- **WHAT THE TASK REQUIRES**
Among the entries below, take the line with "Medewerkers en vrijwilligers" and the line with "Laden Sie Geräte", and output them and every line between them exactly, with nothing else.

- **DATASET ENTRIES**
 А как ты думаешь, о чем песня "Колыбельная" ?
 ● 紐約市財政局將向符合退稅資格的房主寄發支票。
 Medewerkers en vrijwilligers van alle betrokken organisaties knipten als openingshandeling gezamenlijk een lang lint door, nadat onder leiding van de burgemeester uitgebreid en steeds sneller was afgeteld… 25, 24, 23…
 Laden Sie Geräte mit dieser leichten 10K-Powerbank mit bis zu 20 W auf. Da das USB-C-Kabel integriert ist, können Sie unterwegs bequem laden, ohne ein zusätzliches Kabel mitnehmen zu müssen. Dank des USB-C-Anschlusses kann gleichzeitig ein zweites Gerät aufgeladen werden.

---

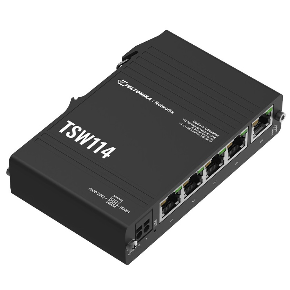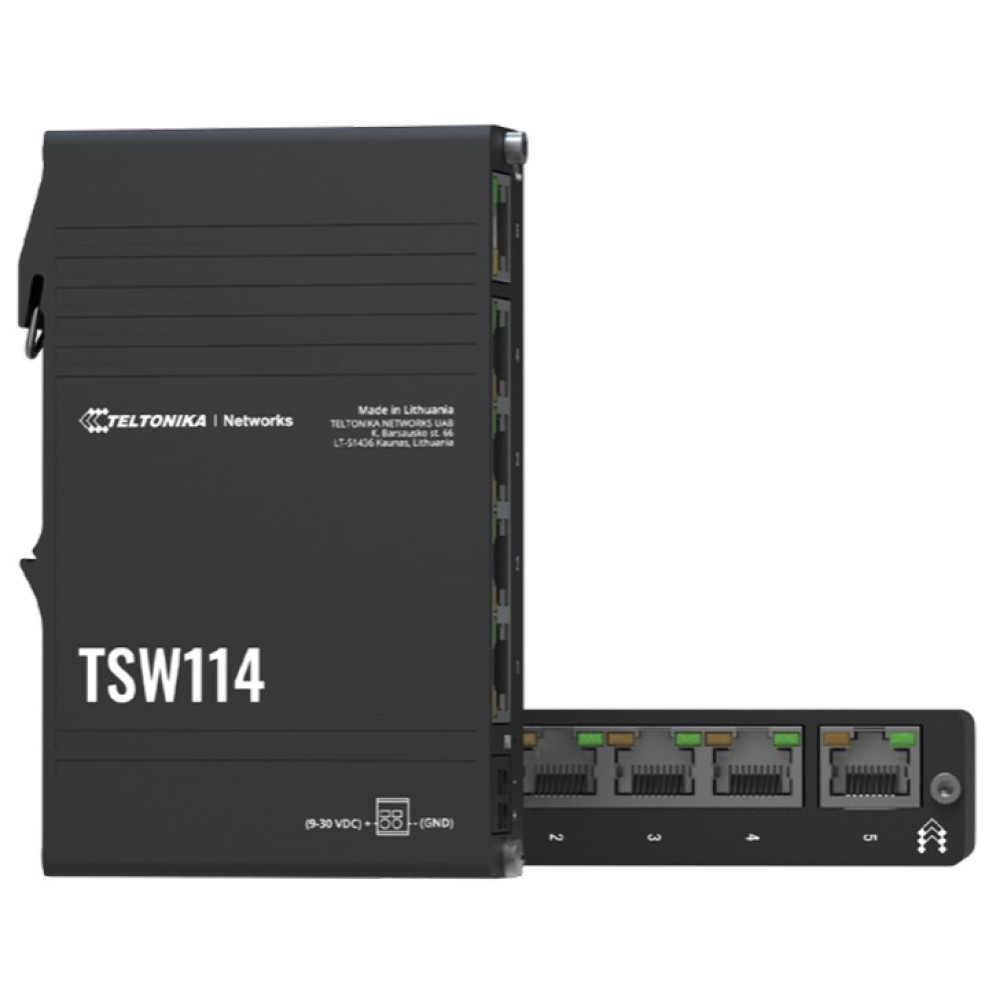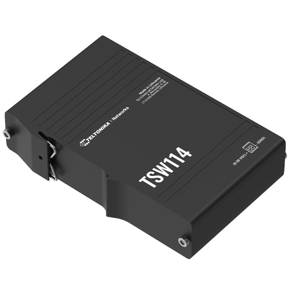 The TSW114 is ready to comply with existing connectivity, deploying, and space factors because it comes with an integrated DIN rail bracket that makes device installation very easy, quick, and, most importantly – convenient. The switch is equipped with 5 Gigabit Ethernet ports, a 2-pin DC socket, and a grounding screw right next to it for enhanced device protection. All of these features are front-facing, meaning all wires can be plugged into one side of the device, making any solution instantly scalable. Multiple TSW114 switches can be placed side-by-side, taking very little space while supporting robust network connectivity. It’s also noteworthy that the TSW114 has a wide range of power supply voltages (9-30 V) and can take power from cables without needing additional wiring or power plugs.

...

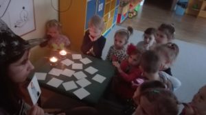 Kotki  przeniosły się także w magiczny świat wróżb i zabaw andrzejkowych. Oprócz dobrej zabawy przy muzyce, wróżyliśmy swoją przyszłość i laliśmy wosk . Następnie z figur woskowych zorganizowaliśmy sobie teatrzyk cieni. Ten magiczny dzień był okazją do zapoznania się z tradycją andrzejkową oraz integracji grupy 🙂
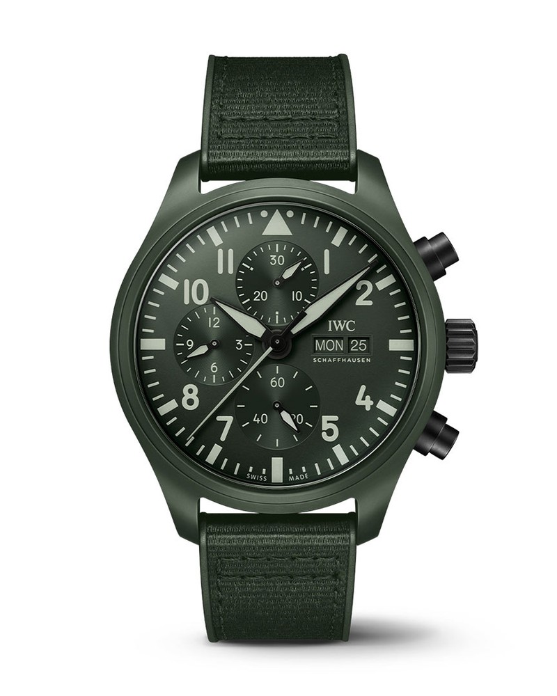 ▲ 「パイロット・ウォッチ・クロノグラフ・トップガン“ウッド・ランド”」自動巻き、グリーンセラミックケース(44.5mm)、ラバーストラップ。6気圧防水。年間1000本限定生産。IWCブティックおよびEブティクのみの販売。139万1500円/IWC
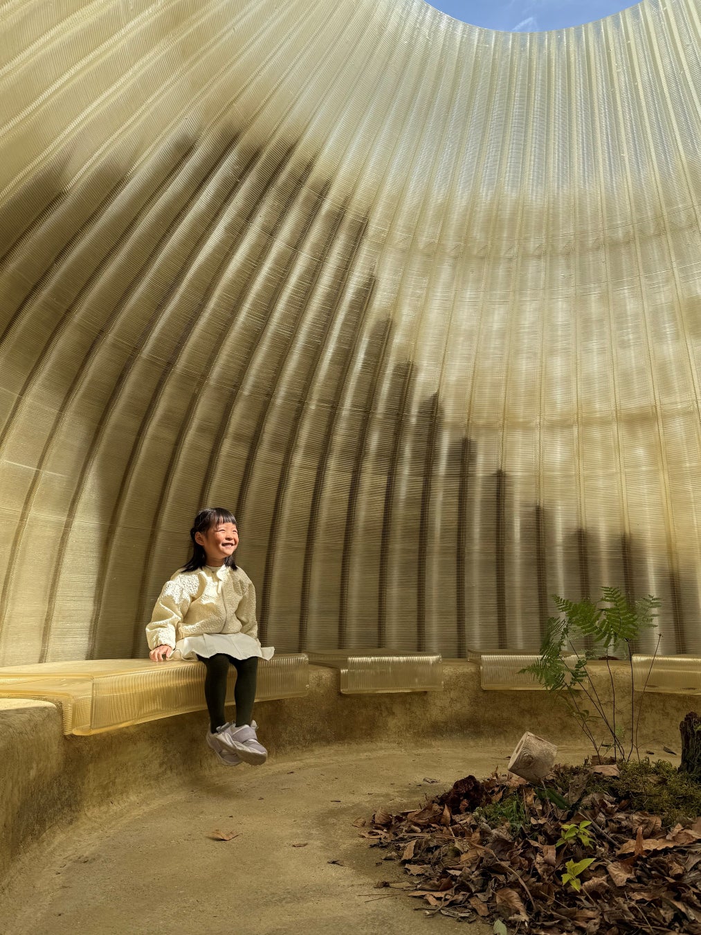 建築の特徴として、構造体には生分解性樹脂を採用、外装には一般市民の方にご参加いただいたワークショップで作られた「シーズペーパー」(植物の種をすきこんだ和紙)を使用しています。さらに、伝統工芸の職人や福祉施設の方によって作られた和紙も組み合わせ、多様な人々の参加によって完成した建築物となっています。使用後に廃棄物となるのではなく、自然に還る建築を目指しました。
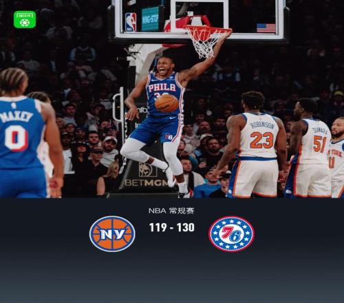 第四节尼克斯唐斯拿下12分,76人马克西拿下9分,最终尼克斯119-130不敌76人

- **ANSWER TO THIS PROBLEM**
 Medewerkers en vrijwilligers van alle betrokken organisaties knipten als openingshandeling gezamenlijk een lang lint door, nadat onder leiding van de burgemeester uitgebreid en steeds sneller was afgeteld… 25, 24, 23…
 Laden Sie Geräte mit dieser leichten 10K-Powerbank mit bis zu 20 W auf. Da das USB-C-Kabel integriert ist, können Sie unterwegs bequem laden, ohne ein zusätzliches Kabel mitnehmen zu müssen. Dank des USB-C-Anschlusses kann gleichzeitig ein zweites Gerät aufgeladen werden.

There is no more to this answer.